[[ DATA SUPPLIED open ]]
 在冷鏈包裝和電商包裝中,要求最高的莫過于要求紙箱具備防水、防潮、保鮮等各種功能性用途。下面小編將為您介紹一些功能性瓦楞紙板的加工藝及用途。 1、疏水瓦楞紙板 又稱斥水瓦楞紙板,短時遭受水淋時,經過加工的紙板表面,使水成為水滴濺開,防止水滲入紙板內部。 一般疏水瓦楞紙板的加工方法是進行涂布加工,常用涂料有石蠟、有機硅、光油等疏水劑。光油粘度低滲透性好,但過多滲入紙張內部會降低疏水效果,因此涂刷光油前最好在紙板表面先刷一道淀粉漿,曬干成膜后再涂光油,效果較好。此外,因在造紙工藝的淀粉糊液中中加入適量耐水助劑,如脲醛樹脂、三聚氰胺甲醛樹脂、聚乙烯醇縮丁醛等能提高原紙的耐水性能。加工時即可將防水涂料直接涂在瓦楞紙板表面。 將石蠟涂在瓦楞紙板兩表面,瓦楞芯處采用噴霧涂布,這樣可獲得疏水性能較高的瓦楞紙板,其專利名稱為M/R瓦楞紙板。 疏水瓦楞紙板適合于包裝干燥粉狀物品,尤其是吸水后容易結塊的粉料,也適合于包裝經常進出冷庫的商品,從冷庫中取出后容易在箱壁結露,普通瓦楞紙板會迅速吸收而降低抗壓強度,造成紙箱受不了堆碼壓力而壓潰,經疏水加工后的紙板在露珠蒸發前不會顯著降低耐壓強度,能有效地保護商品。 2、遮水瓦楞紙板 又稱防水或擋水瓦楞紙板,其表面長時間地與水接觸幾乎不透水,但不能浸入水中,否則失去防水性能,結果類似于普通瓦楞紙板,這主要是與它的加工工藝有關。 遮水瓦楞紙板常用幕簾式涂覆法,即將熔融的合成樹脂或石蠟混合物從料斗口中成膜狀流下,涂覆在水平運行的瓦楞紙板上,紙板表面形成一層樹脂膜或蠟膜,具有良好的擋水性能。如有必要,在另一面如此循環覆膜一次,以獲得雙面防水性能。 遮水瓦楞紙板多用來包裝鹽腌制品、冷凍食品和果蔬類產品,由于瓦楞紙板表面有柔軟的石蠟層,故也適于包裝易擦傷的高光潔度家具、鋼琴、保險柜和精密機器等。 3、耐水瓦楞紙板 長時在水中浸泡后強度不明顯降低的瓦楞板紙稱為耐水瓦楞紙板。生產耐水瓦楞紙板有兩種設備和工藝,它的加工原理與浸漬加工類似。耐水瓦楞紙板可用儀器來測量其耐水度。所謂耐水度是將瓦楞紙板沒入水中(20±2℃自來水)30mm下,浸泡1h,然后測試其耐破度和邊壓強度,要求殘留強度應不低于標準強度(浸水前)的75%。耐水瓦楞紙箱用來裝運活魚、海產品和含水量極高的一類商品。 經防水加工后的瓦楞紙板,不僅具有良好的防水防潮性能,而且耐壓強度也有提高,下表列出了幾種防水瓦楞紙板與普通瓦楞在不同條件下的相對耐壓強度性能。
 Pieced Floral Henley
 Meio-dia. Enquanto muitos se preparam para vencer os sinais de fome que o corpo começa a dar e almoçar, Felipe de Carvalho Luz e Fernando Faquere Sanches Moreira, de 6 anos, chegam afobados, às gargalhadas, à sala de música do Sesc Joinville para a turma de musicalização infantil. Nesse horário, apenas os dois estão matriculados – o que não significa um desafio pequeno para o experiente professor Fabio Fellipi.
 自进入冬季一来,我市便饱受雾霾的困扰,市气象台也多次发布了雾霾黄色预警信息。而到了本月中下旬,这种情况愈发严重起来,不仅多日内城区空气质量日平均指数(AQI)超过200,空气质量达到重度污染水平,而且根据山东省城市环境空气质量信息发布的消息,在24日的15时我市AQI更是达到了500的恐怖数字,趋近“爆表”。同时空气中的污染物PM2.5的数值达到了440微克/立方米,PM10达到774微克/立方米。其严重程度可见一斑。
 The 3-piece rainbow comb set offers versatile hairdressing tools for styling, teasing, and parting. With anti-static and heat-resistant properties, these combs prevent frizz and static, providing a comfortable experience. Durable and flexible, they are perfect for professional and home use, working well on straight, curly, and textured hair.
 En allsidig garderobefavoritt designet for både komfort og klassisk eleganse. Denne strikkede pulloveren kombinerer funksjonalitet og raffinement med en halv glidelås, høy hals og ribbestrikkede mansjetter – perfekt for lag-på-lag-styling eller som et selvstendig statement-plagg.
[[ DATA SUPPLIED closed ]]
[[ DATA SUPPLIED open ]]
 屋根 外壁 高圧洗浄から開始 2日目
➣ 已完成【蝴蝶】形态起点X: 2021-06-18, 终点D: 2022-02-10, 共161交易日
[[ DATA SUPPLIED closed ]]
# BRIEF:
What you return must be the lines above that run from the line with "屋根 外壁 高圧洗浄から開始 2日目" to the line with "终点D: 2022-02-10, 共161交易日", inclusive, each copied exactly.

# RESULT FOR THIS EXERCISE:
 屋根 外壁 高圧洗浄から開始 2日目
➣ 已完成【蝴蝶】形态起点X: 2021-06-18, 终点D: 2022-02-10, 共161交易日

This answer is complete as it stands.